The identification and optimization of the lead compounds in a rapid and cost-effective way are the most critical steps in drug discovery. The computer-aided drug discovery approach offers an alternative to the real world of synthesis and screening (1,2). The computational techniques have advanced rapidly over the past few decades and have played a major role in the development of a number of drugs now in the market or going through clinical trials (3,4). QSAR/QSPR is the mathematical relationship linking chemical structure and pharmacological activity/property in a quantitative manner for the series of compounds (5). It also reduces the number of compounds to be synthesized and promptly detects the most favorable compounds. Fundamentally, QSAR aims to identify relationships between some aspects of molecular structure and properties as toxicology, pharmacodynamics, and pharmacokinetics (6).
The 2D approach has a number of advantages compared with the higher dimension QSAR methodologies. First of all, owing to the variety of molecular descriptors available, optimized coordinates are not always required.
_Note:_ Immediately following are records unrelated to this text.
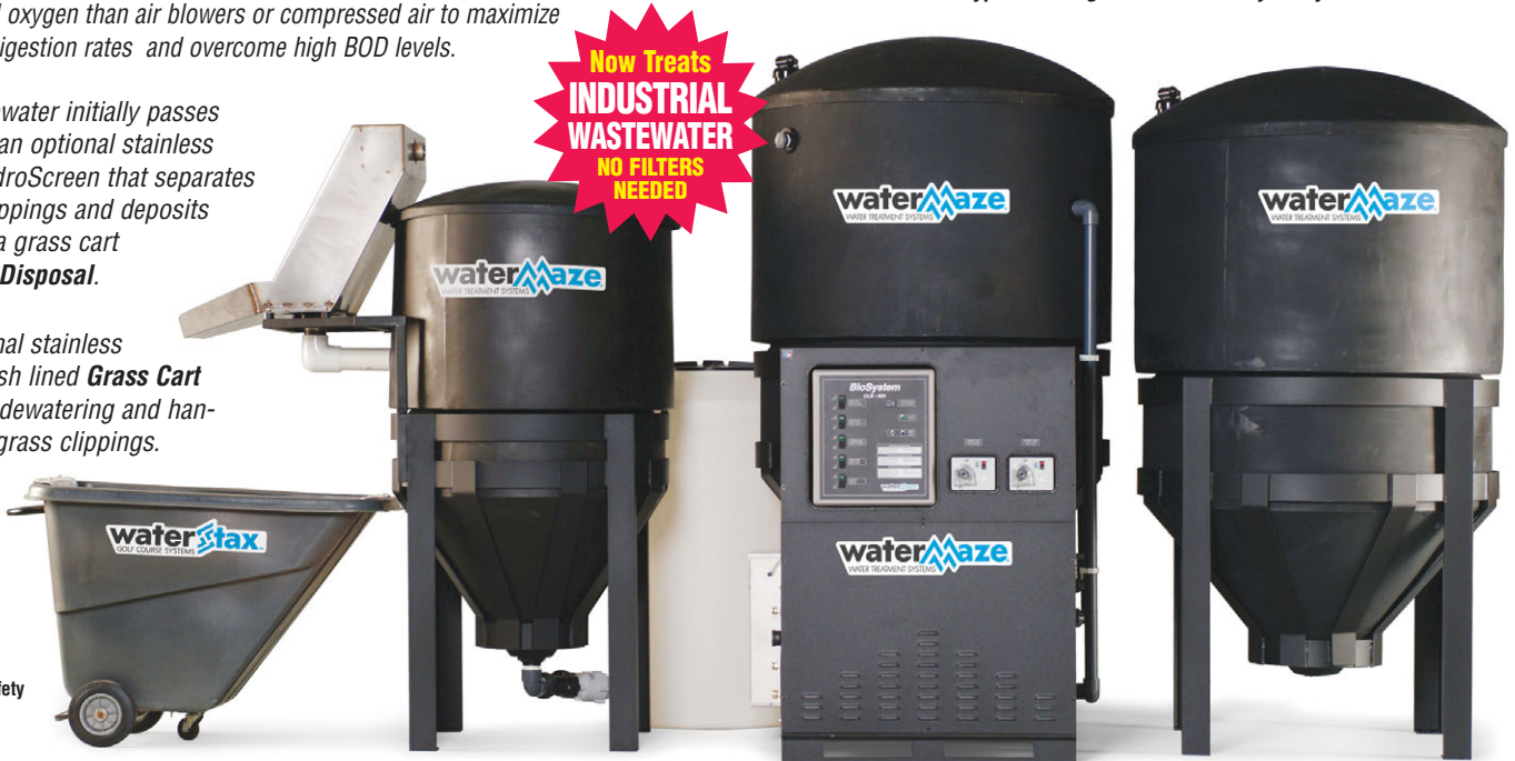
Optional cart for easy disposal of grass clippings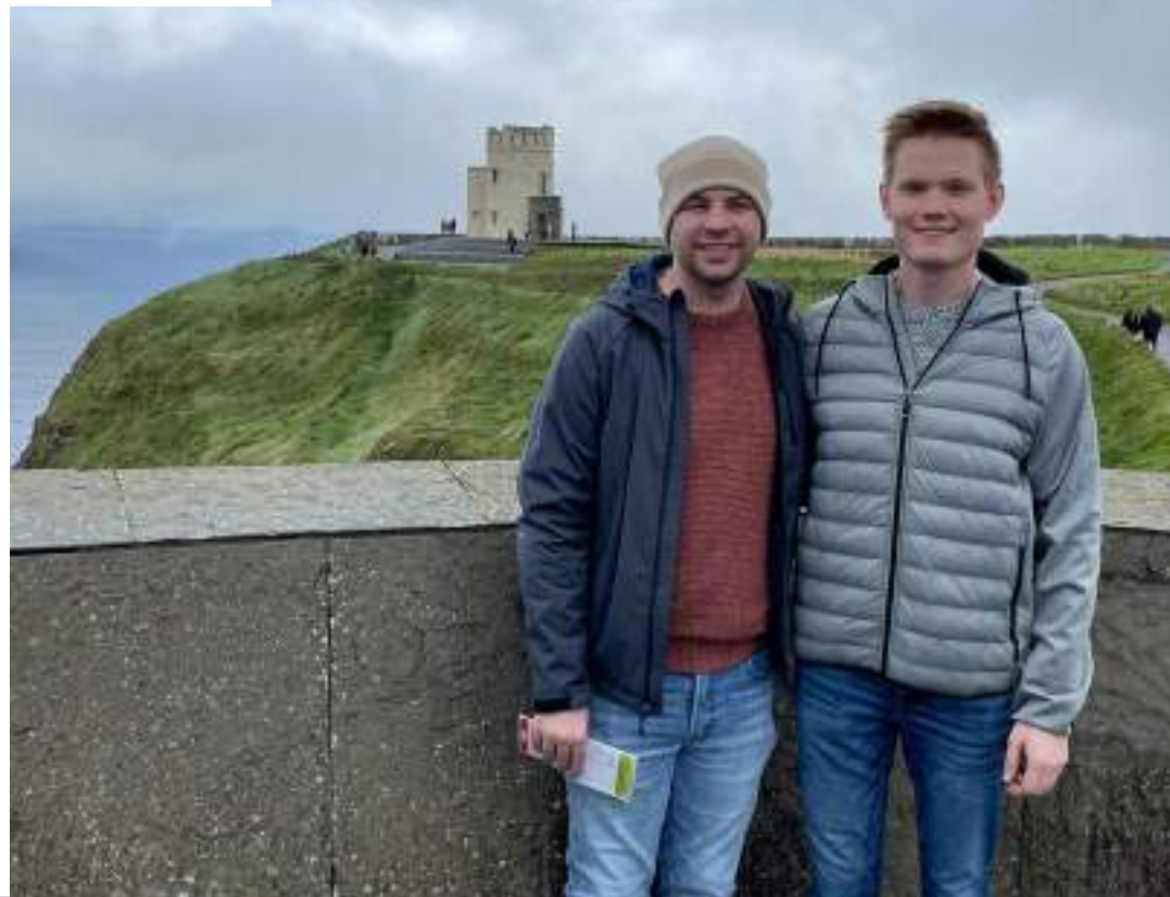
At the Cliff of Mohr in Ireland, honest so beautiful there.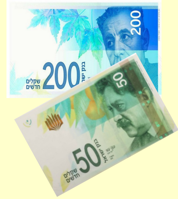
dollars / shekelim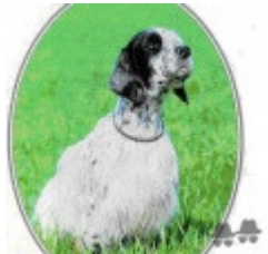
CHITA DU CLOS DES GRIVES 1987-10-14 (F) LOF 93366/15272 (Tr. GQ) - bluebelton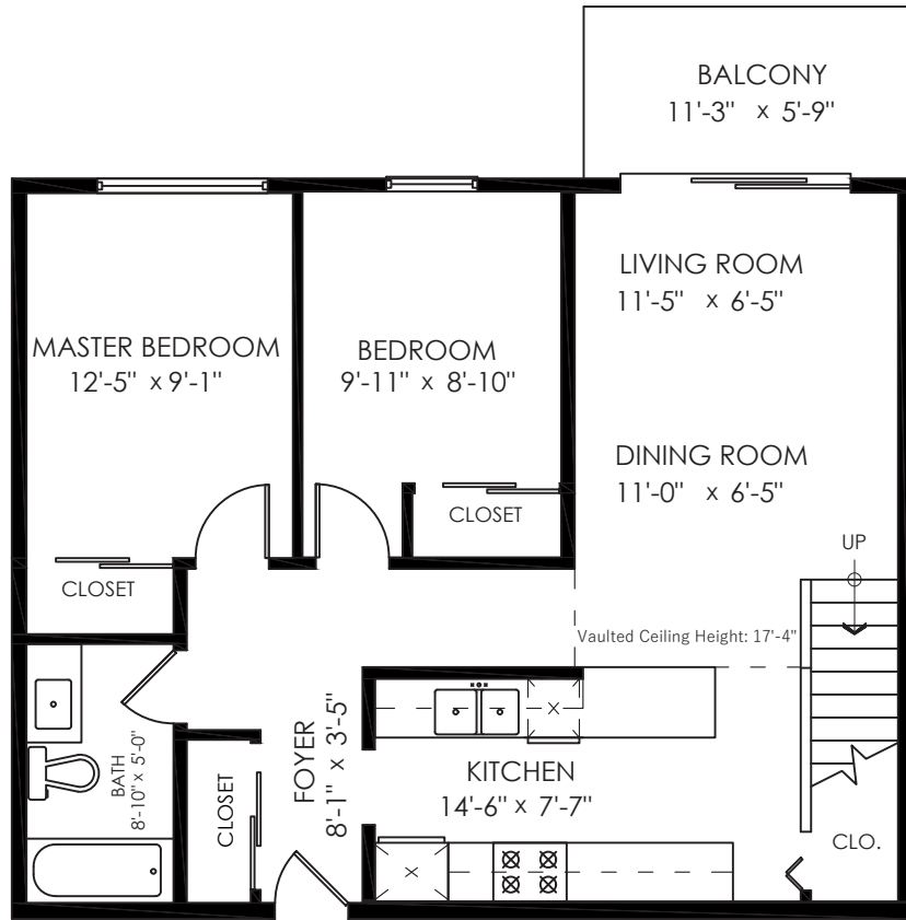
Main Floor: 774 Sq.Ft. Ceiling Height: 8'-0"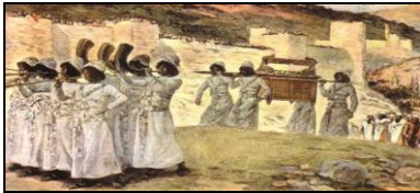
Ark of the Covenant

1 Samuel 4:1-2, 4, 10-12, 16-22 And the word of Samuel came to all Israel. Now Israel went out against the Philistines to battle, and pitched beside Ebenezer: and the Philistines pitched in Aphek. (2) And the Philistines put themselves in array against Israel: and when they joined battle, Israel was smitten before the Philistines: and they slew of the army in the field about four thousand men. [4] So the people sent to Shiloh, that they might bring from thence the ark of the covenant of the LORD of hosts, which dwelleth between the cherubims: and the two sons of Eli, Hophni and Phinehas, were there with the ark of the covenant of God. [10] And the Philistines fought, and Israel was smitten, and they fled every man into his tent: and there was a very great slaughter; for there fell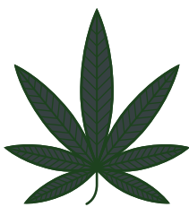
Early Stage of Nitrogen Deficiency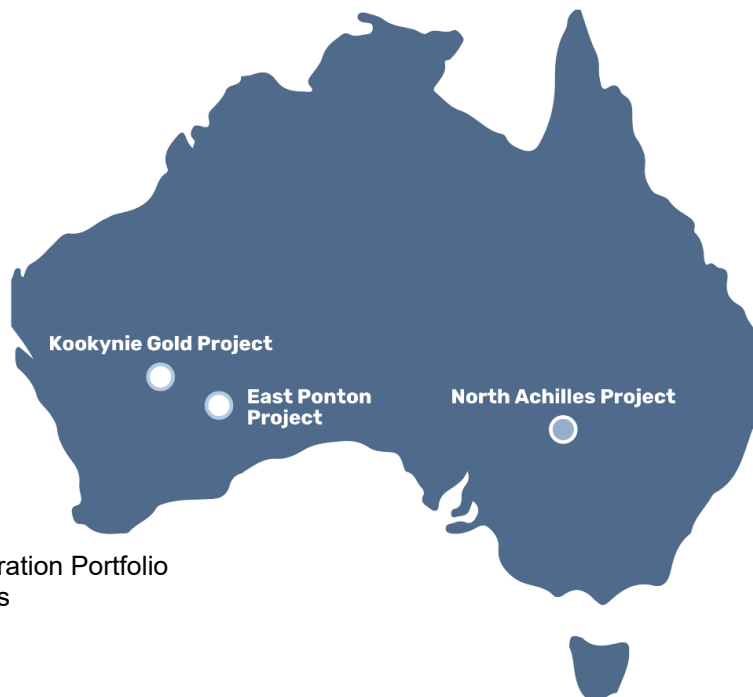
Figure A: Regener8 Exploration Portfolio Project Locations

Sitting within the Kookynie Gold district north of Kalgoorlie, the project hosts substantial historical workings and exploration with intersections including 2m @ 70.5 g/t Au (RC38), 2m @ 15.4 g/t Au (RC315) and 2m @ 11.32 g/t Au (RC391). Regener8's 2023 program found encouraging results which included 5m @ 3.18 g/t Au (NGRC017) and 2m @ 7.77g/t Au (including 1m @ 14.8 g/t Au in NGRC037).

In fact, connectivity information (in the form of an adjacency matrix) alone can be used to develop QSAR models. As a result, the models using topological descriptors can be built rapidly for very large sets of molecules. Second, this approach avoids the alignment step and thus can be used in the absence of experimental information regarding the binding of a molecule to its target.a
The 2D QSAR makes use of TIs which are the numerical values associated with the chemical constitution for correlation of chemical structures with various physical properties, chemical reactivity, or biological activity (7). These are derived from topological representation of molecules and can be considered structure explicit descriptors (8). The TIs are among the most useful descriptors known nowadays, as these can be rapidly computed for large number of molecules and also offer a simple way of measuring molecular branching, shape, size, cyclicity, symmetry, chirality, complexity, and heterogeneity of atomic environments in the molecule (9–14). The past two decades have witnessed that the use of TIs in QSAR models enhanced the scope of drug design by producing the reliable estimates of therapeutic and toxic potential of chemicals (15).
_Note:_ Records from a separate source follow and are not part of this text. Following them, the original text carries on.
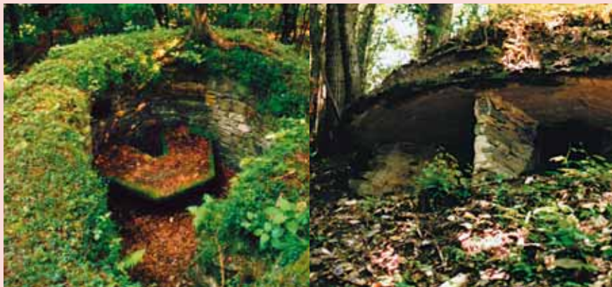
The Cadorna Line

Information: Town Hall of Cassano Valcuvia tel. 0332995519 www.provincia.va.it/lineacadornavarese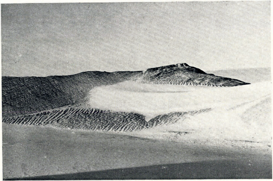
Fig. 1. Patterned ground on a mountain in the Shackleton Range, October 1957. Note the abrupt interruption of the patterned ground against the margins of the smaller ice field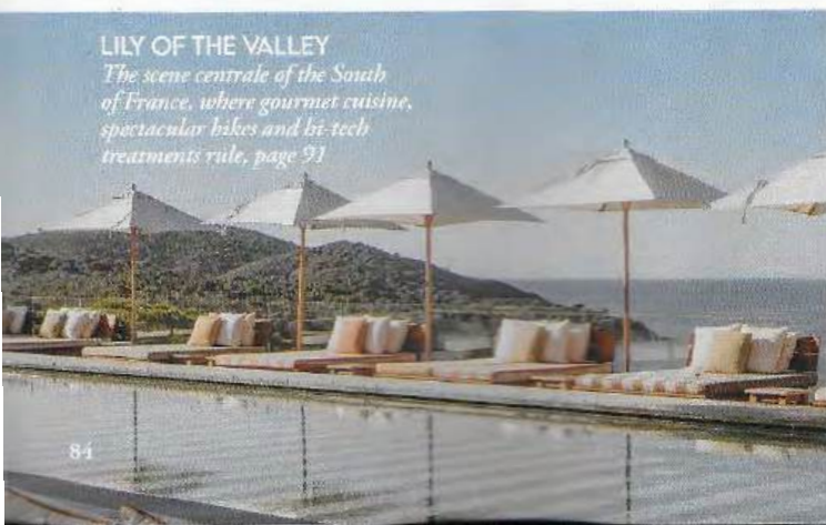
LILY OF THE VALLEY The scene centrale of the South of France, where gourmet cuisine, spectacular hikes and hi-tech treatments rule, page 91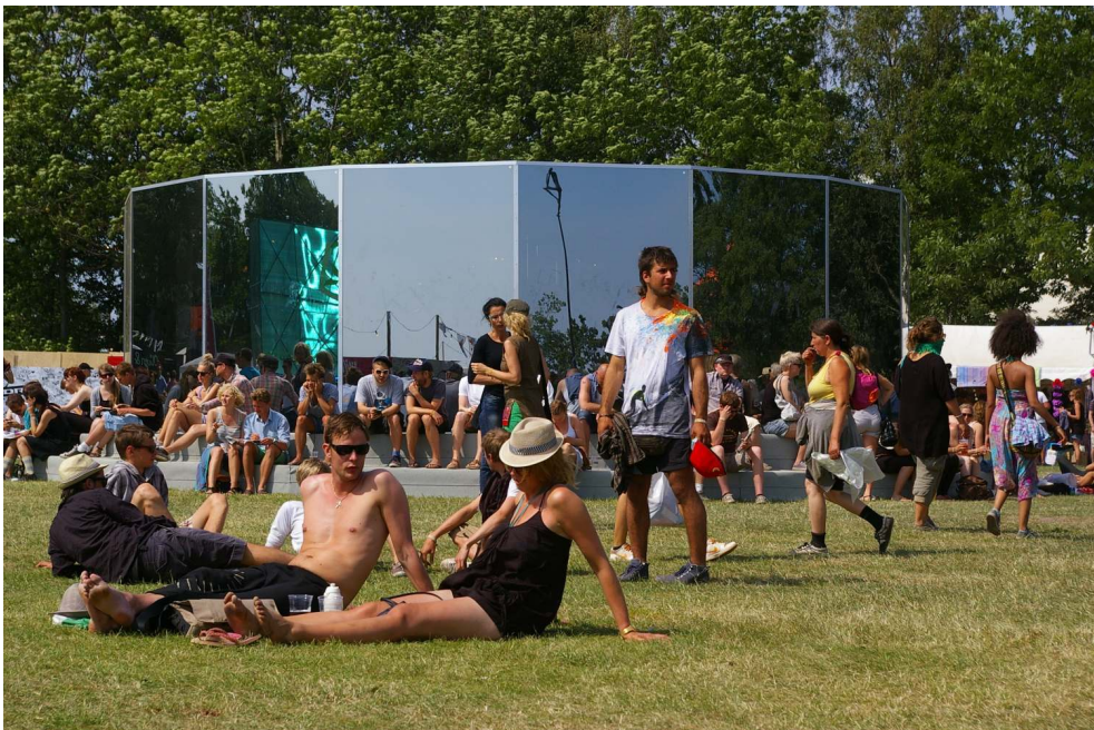
Illustration 2: Pose/Expose, 2010, exterior

SOURCE AND COPYRIGHT: ©LINE MARIE BRUUN JESPERSEN, FIRST PUBLISHED IN (MARLING AND KIIB, 2011), WITH THE AUTHORIZATION OF THE AUTHORS AND EDITORS.

The genetic integrity of a cell is constantly challenged by radiation, chemical agents, and replication errors (16). These agents mainly cause double strand breaks (DSB) and single strand breaks (SSB) and cause genomic instability that may lead to tumor development, if left unrepaired (17). The DNA damage is also used to cure the cancer. Many of the conventional anticancer treatments (ionizing radiation, hyperthermia, pyrimidine and purine antimetabolites, alkylating agents, DNA topoisomerase inhibitors, and platinum compounds) at least partly damage the DNA of cells. As these treatments are not specifically selective for cancer cells, patients have suffered from serious side effects when taking these drugs (18). Therefore, DNA damage causes the disease, used to treat the disease, and responsible for the toxicity of therapies for disease (19).
In DNA damage response (DDR), eukaryotic cells activate checkpoint pathways to arrest the cell cycle (20–22). The checkpoints comprise a subroutine integrated into the larger DDR pathway that regulates a multifaceted response. Moreover, several checkpoint genes are essential for cell and organism survival (23–27) implying that these pathways are not only surveyors of occasional damage but are firmly integrated components of cellular physiology (22).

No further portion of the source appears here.